The Court of Appeals found no abuse of discretion in the District Court’s decision to adopt Jessica’s proposed parenting plan over Benjamin’s. The District Court had determined that Jessica was a more credible witness, and that determination is entitled to deference. In addition, the District Court concluded Jessica had been the primary parent during the marriage, and that Benjamin had a history of domestic violence, and abuses of alcohol that placed the child in danger. Finally, the Court found that the parties have a long history of conflict rendering joint decision-making impossible.

Having affirmed the award of custody to Jessica, the Court went on to discuss Benjamin’s specific objections to Jessica’s plan, including contact with family members and a requirement that Benjamin provide all of the transportation. Given the apparent distance between the parties, the Court found it was an abuse of discretion to require Benjamin to provide all of the transportation, given his limited parenting time, particularly on Wednesday evenings. The Court modified the Plan to require the parties meet halfway on Wednesdays for exchanges.

The Court also found that the District Court abused its discretion in awarding Benjamin only two weeks of summer parenting time and modified that award to be 6 weeks.

The Court completely removed the District Court’s safety plan which empowered Jessica to terminate Benjamin’s parenting time if she suspected that he was drinking (a violation of the non-delegation doctrine) or that required Benjamin to self-report all alcohol consumption to Jessica (an overly broad requirement which was not narrowly

-57- tailored to the best interest of the child). Although the Court reasoned that restrictions on activities during parenting time (such as a “no drinking” provision where the Court decides the sanction) are permissible, they are also an extreme remedy, reserved for the most severe of cases. In this case, particularly given the history of conflict between the parties, the Court of Appeals decided that the District Court abused its discretion in adopting the safety plan, and it struck the plan in its entirey.

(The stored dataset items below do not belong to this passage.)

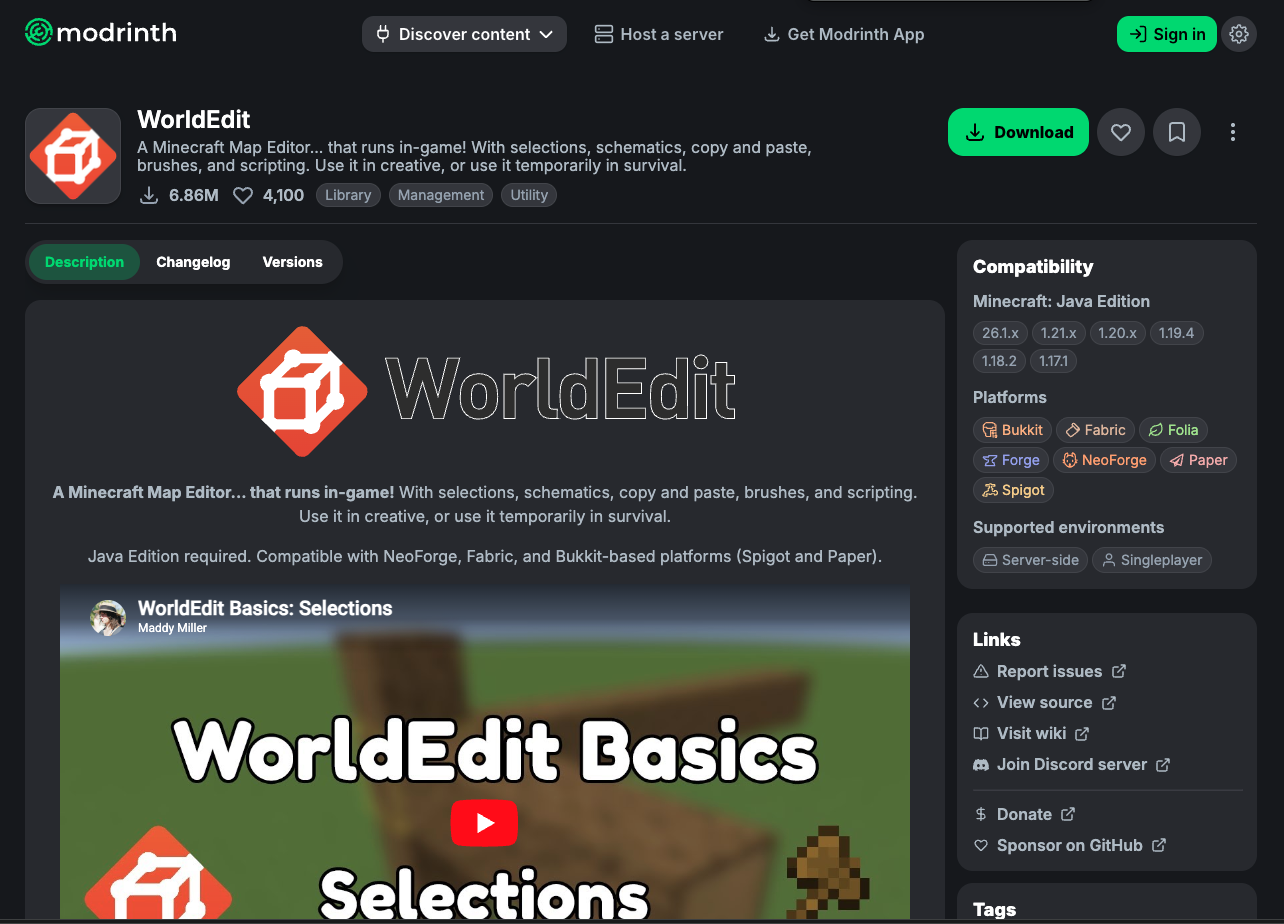 - WorldEdit 플러그인 파일: WorldEdit은 CurseForge 또는 Modrinth에서 최신 버전(서버 버전에 맞는)을 다운로드할 수 있습니다.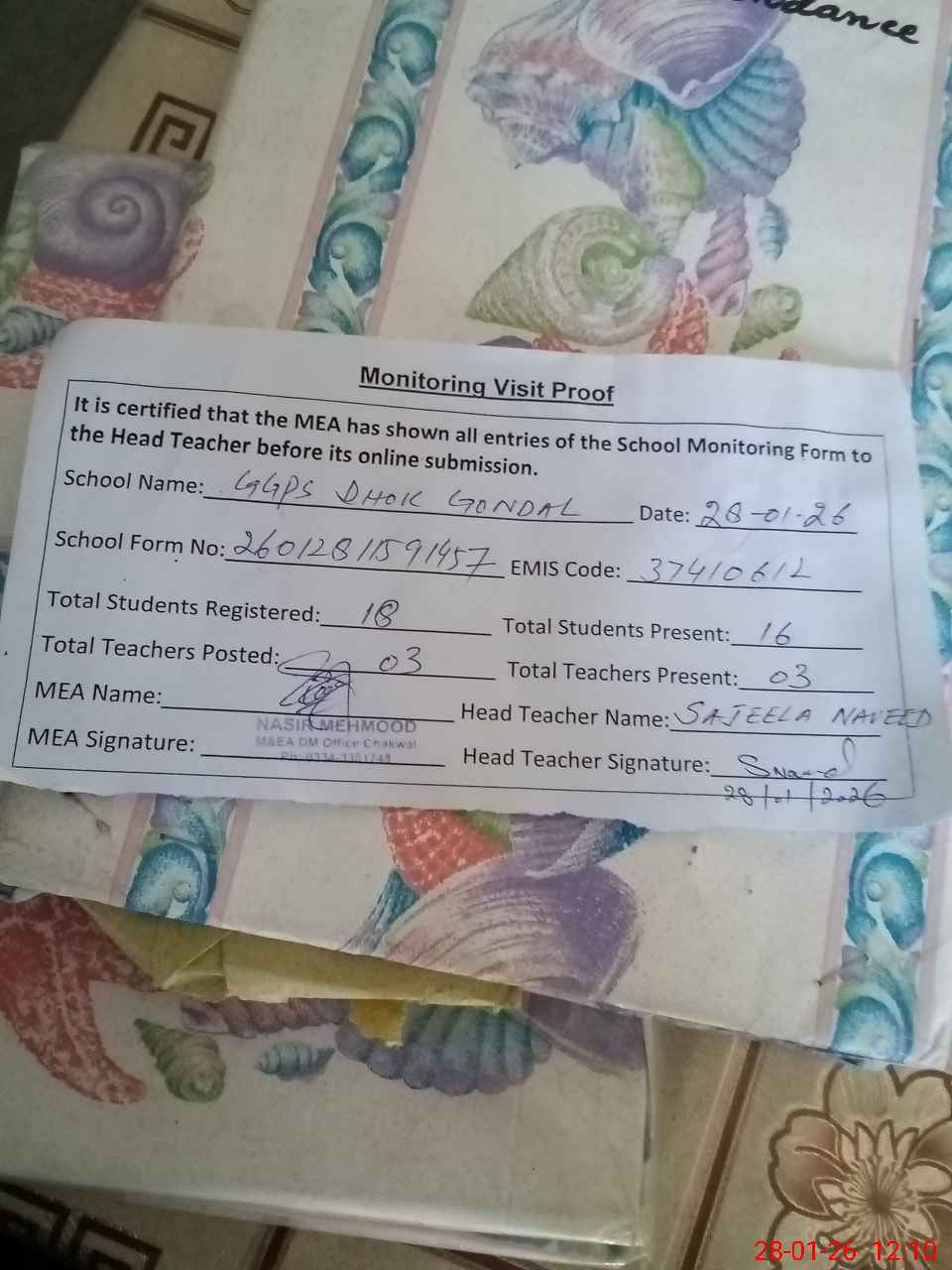 | EMIS Code: 37410612 | Name of School: GGPS DHOK GONDAL P/O DULLAH | |||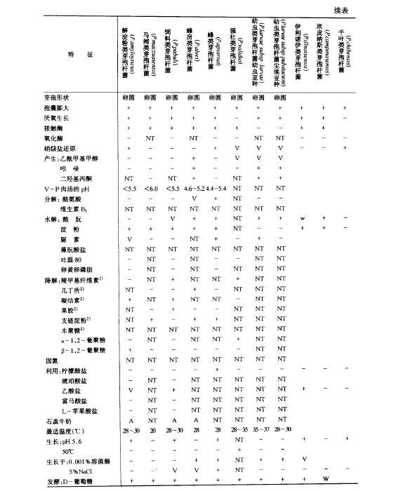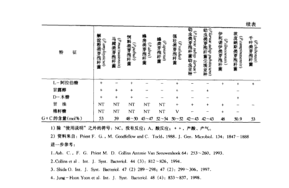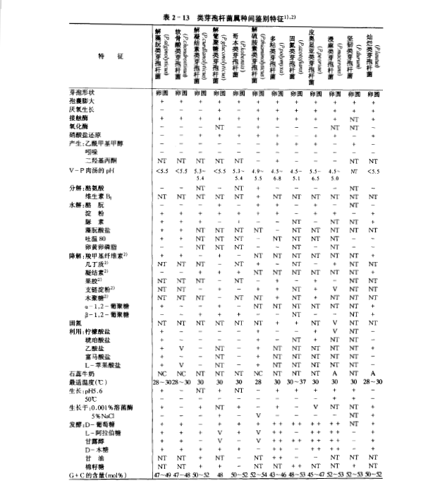 自1993年Ash Priest Collin等提出从芽抱杆菌中分出11个种,另立类芽抱杆菌属之后,至今已有23个种,它们间的鉴别可见表2-13。进一步参考: I. J. S. B. 44: 852,1994; 47 (2): 289~298, 299~306, 1997。

The Court of Appeals also made other adjustments to the division of personal property including the value of a non-marital Shop-Vac and some fencing supplies.

Legal Principles:

1. The District Court’s determinations of credibility are entitled to deference because the District Court saw and observed the witnesses and is entitled to accept one version of the facts over another.

2. While the District Court has broad discretion over parenting time, it should not arrange transportation so that one party bears an undue burden, especially when coupled with a short window of parenting time.

3. A District Court has the exclusive responsibility to determine what is in the child’s best interest, and it cannot delegate that responsibility to one of the parties in exercising one of its core functions by authorizing one of the parties to decide whether parenting time should be forfeited.